Quando pedirem indicações rodoviárias nunca digam que são do Fundão


Todos estamos acostumados ao excesso de zelo que os habitantes locais põem em prática quando paramos para pedir indicações sobre o percurso a seguir até uma determinada rua ou povoação. Quem não se deliciou já (ou ficou mais baralhado) com o atropelo de indicações dadas por quem nos quer informar de todos os caminhos possíveis em direcção ao local onde pretendemos chegar? Eu próprio que o diga quando há uns anos cometi o erro de pedir indicações a um grupo de 20 cidadãos idosos na aldeia de Fornotelheiro. Ainda assim, experimentei há dias uma situação completamente diferente.

É claro que eu poderia ter logo percebido que a coisa não ia correr bem quando, ao procurar a Avenida General Humberto Delgado na localidade de Canhoso, junto à Covilhã, o GPS respondeu de forma seca que a mesma não existia. Ainda assim, movido por uma teimosia que me está lavrada no código genético, própria da gens Caetano, fui até ao Canhoso para procurar a empresa que as minhas pesquisas na web haviam situado nessa avenida e nessa localidade.

Após 15 minutos às voltas pela povoação sem conseguir encontrar a referência toponímica que procurava, decidi usar o antigo e infalível método de indagar a população indígena que, pensava eu, certamente me dirigiriam para a dita avenida. Encostei pois a viatura e abri a janela do lugar do passageiro, abordando um trio de indivíduos que teriam entre 50 e 60 anos.

-"Boa noite! Será que me poderiam indicar onde fica a Avenida General Humberto Delgado?"

O mais expedito de entre eles tomou a iniciativa de responder: - "Avenida quê? Oh amigo, isso não é cá no Canhoso. É ali na Covilhã!", resposta que deu início a um diálogo entre eles sobre qual seria a avenida com esse nome na Covilhã. Consensualmente, concluíram e informaram-me que se trataria de uma avenida que circundava o cemitério da Covilhã.

Já em jeito de despedida quis saber de onde eu era, ao que respondi que era do Fundão. A mudança do seu rosto para uma expressão de um misto de choque e revolta foi impressionante:

-"Do Fundão?! F###-SE! Do Fundão?! Ai o C######! F###-SE! Oh amigo, do Fundão nem cão, nem esposa nem nada! Há uma empresa do Fundão que me deve 64.000 euros, oh meu amigo! 64.000 euros!"

Subitamente, abriu muito os olhos e deu dois passos atrás, enquanto dizia exasperado -"Espere lá! De que firma é este carro? Hein?
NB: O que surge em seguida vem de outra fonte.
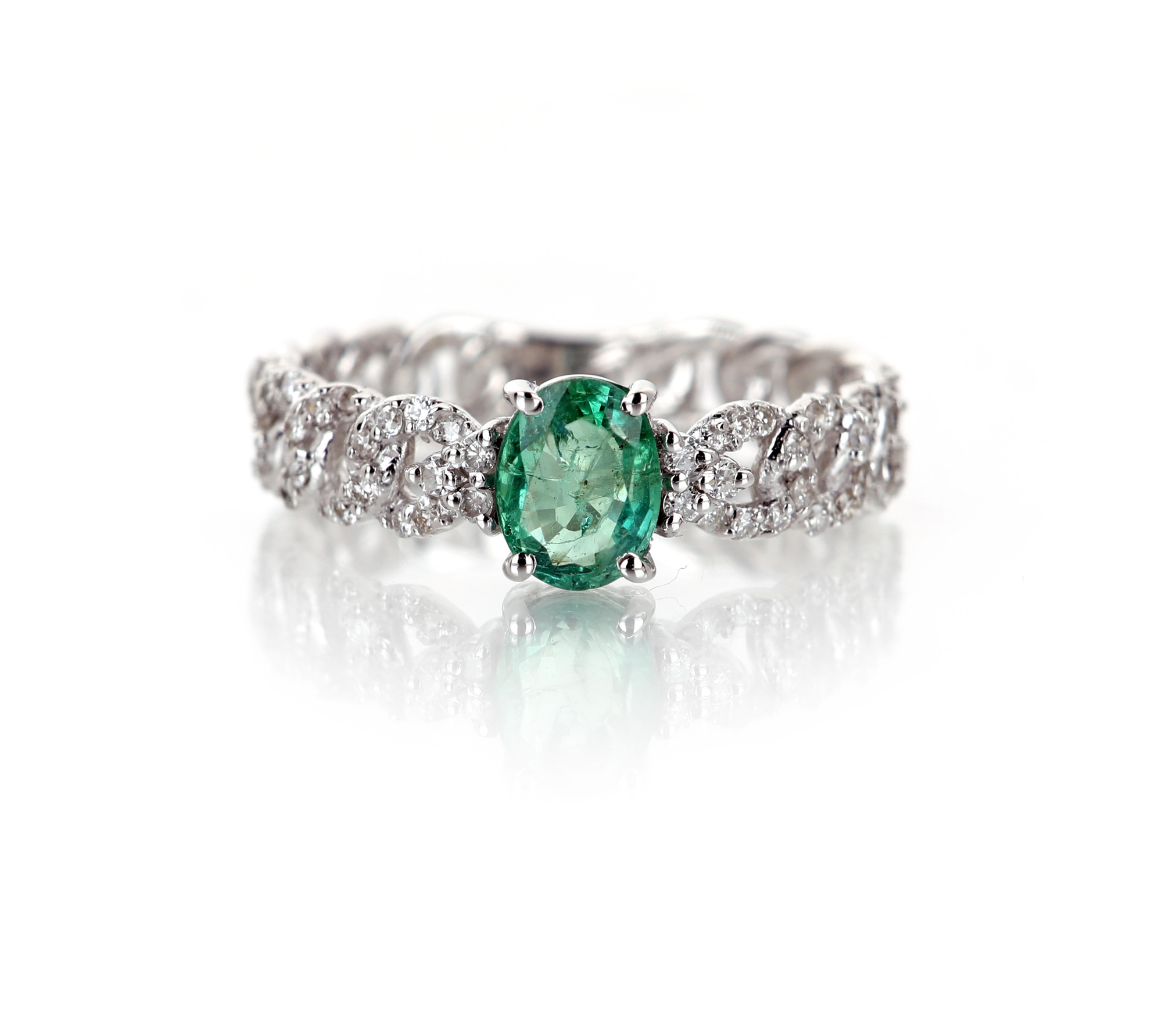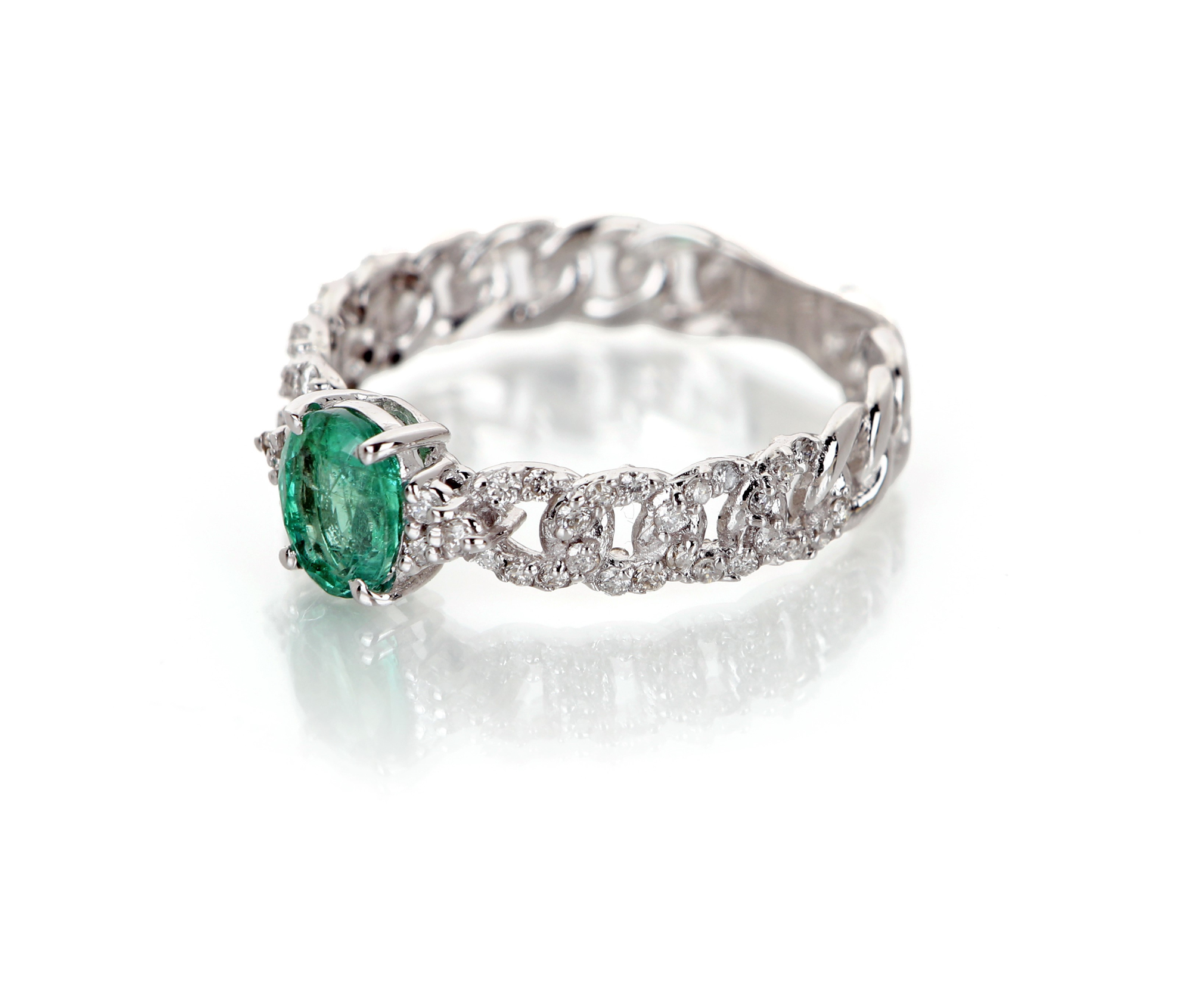 Anello in oro, smeraldo e brillanti Oro bianco 750/000. Diamanti in taglio rotondo brillante ct. 0,40 ca. , smeraldo in taglio ovale ct. 1 ca. Peso complessivo gr. 3 Misura 13

De que firma?", enquanto mirava o meu carro de ponta a ponta, procurando a identificação da empresa à qual ele pertencia. Tranquilizei-o dizendo que, apesar de eu ser do Fundão, a empresa à qual pertencia não o era, acrescentado que houvera ali um momento em que chegara a recear ter de voltar a pé para casa.

Quiçá devido ao alívio de não estar perante um agente de um caloteiro, o indivíduo foi tomado de um novo voluntarismo e, pegando no telemóvel, pediu-me para esperar um bocadinho -"Espere aí. Vamos mas é ligar para a PSP que eles devem saber onde fica essa rua!". Não contente pela resposta dada pela PSP, que contrariou as suas convicções e o informou de que afinal a Avenida General Humberto Delgado não existia na Covilhã (e no Canhoso também não, já agora), fez nova chamada mas desta vez para a GNR.

Aqui a resposta foi quase imediata: a dita avenida era afinal a artéria principal do Canhoso, que no GPS era referida como "Rua João XXIII". Desligando, apontou para a avenida que dali se avistava ao fundo da rua e exclamou: "É aquela oh amigo!". Despedi-me com um cordial e sentido agradecimento, não deixando no entanto de acrescentar: "Já viram? É preciso vir um gajo do Fundão para vocês aprenderem o nome das ruas do Canhoso!".